James Molloy <james.molloy at arm.com> changed:

           What    |Removed                     |Added
----------------------------------------------------------------------------
             Status|ASSIGNED                    |RESOLVED
         Resolution|---                         |FIXED

--- Comment #6 from James Molloy <james.molloy at arm.com> ---
This is slightly more involved; I'm going to resolve this as FIXED but actually
your testcase has undefined behaviour.

Your case converts a float directly to an unsigned char, which has undefined
behaviour on overflow. It is therefore correct to assume the result of the
FP-to-UI conversion leaves the uppermost 24 bits zeroed.

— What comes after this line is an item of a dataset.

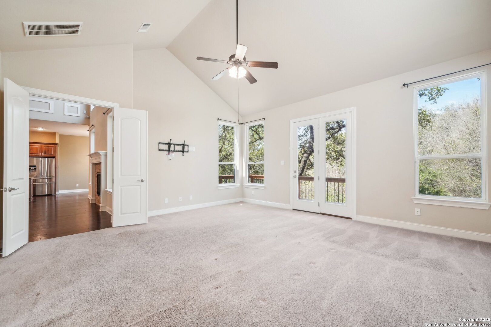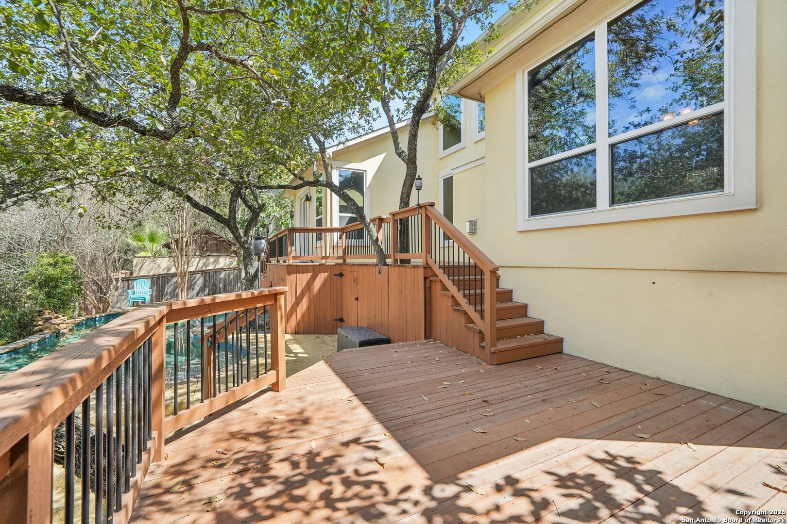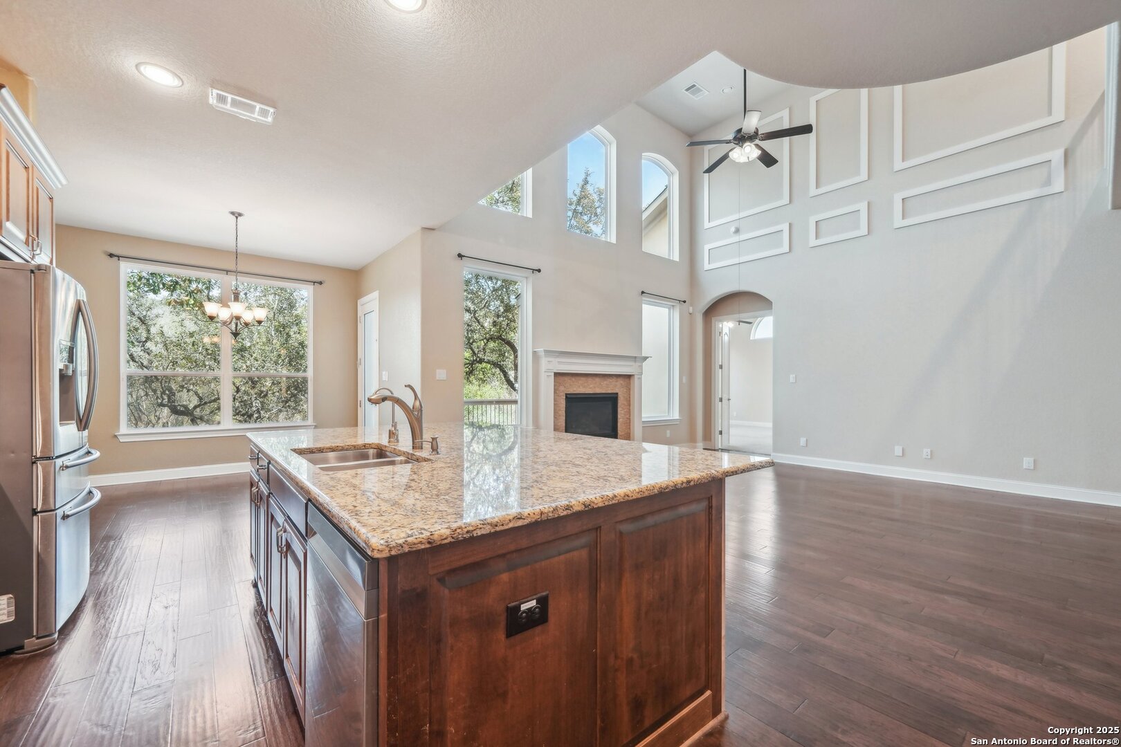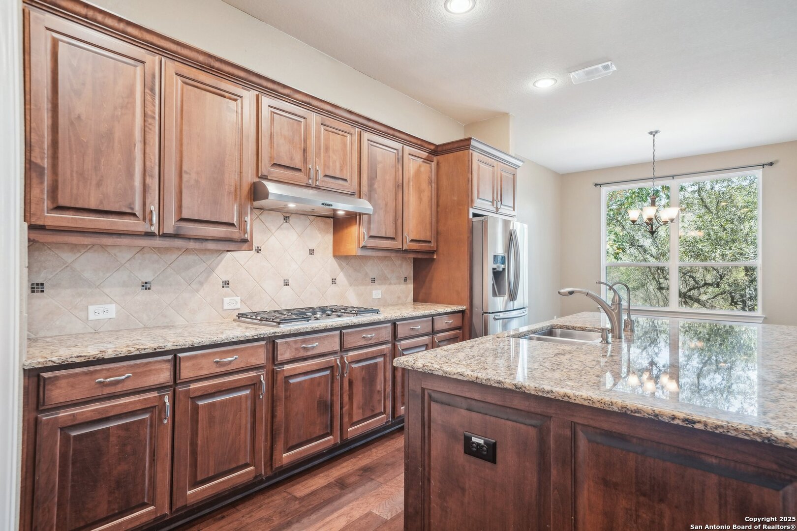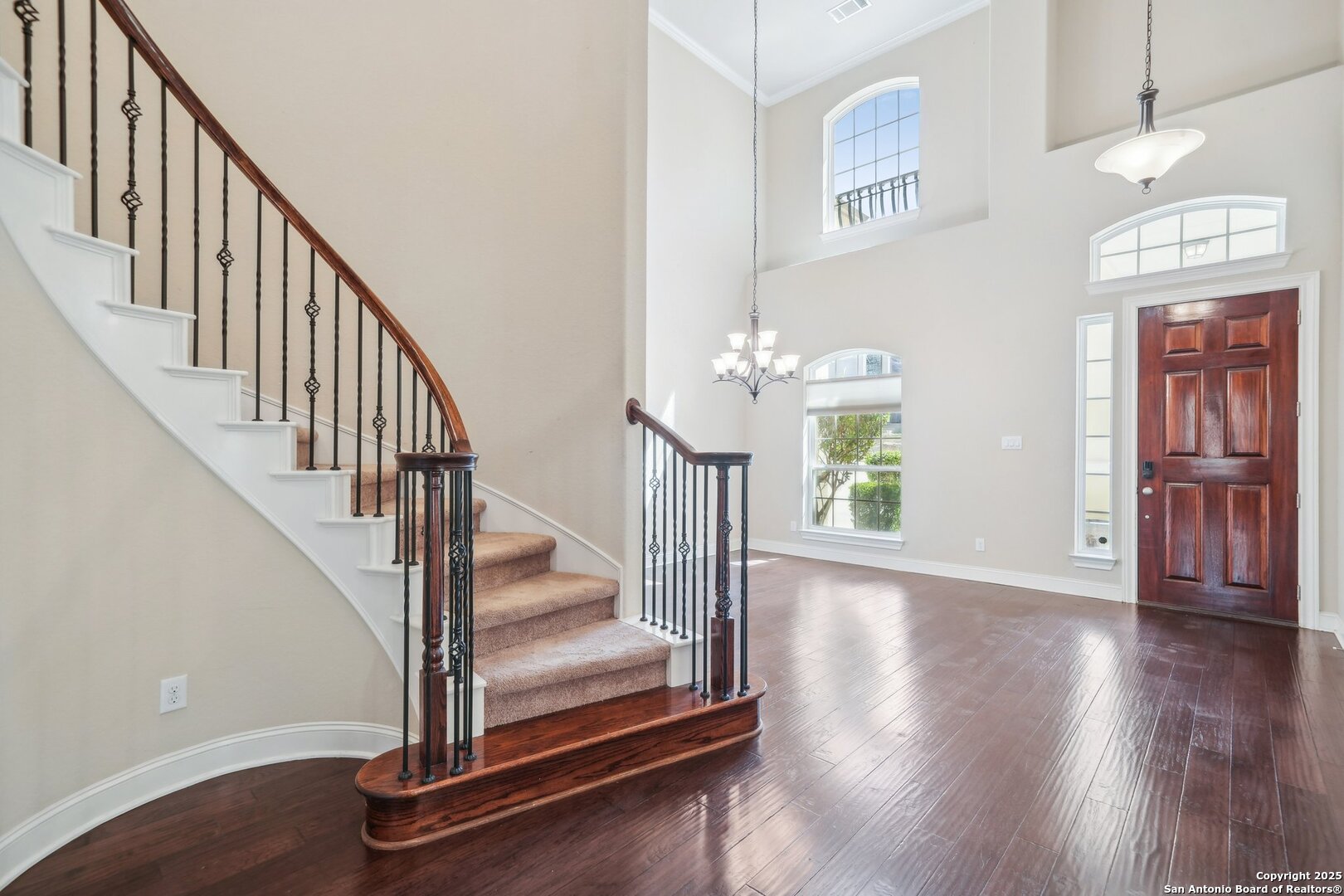 Experience luxury living in this stunning home nestled in the highly sought-after gated community of Aviara with a pool! Boasting five bedrooms and four-and-a-half bathrooms, this home offers soaring ceilings, elegant dark wood floors, and an open-concept layout perfect for modern living. The main level features two en-suite bedrooms, including a private primary suite with direct backyard access through elegant French doors. The spa-like en-suite bath includes a walk-in shower, soaking tub, and a spacious walk-in closet. The chef's kitchen is equipped with granite countertops, an oversized island, maple oak cabinets, stainless steel appliances, a gas cooktop, and a walk-in pantry. The kitchen flows seamlessly into the inviting living area with a fireplace, creating the perfect space for gatherings. Upstairs, enjoy additional spacious bedrooms, a loft, and a media room for entertainment. The backyard is a private oasis with mature trees, a deck, and a sparkling in-ground pool-perfect for Texas summers! Conveniently located near shopping, dining, and major highways. Don't miss out-schedule your showing today!

Now, we were doing a faulty transform where we converted the FP-to-UINT into a
FP-to-SINT and then not informing the rest of the optimizer that the resulting
int was sign extended not zero extended. This resulted in:

  fcvtzs w0, s0
  ret

Fixing this bug causes the expected output:

  fcvtzs w0, s0
  and w0, w0, #0xff
  ret

However, we're only doing that mask because we've decided to create a signed
conversion. If we undo that dodgy heuristic, we produce an unsigned conversion:

  fcvtzu w0, s0
  ret // Note no mask!

We don't need to mask because conversion from float->uint8_t is undefined if
the integer part of the float value is not representable in uint8_t. Therefore
we can assume this doesn't happen!

If you want the explicit mask (perhaps because you want to handle out of range
inputs by truncating mod 256), you should make the conversion convert from
float to uint32_t then truncate that:

  unsigned char charVal = (unsigned char)(unsigned int)infloatVal;

This then produces:

  fcvtzu w0, s0
  and w0, w0, #0xff
  ret

(Note, the above is with the dodgy heuristic fixed which isn't in trunk. So you
will just see the signed conversion and the mask as above which *does work* for
your case but only because the compiler is doing something stupid and shouldn't
be relied upon).

Cheers,

James

Codegen fix in r279223.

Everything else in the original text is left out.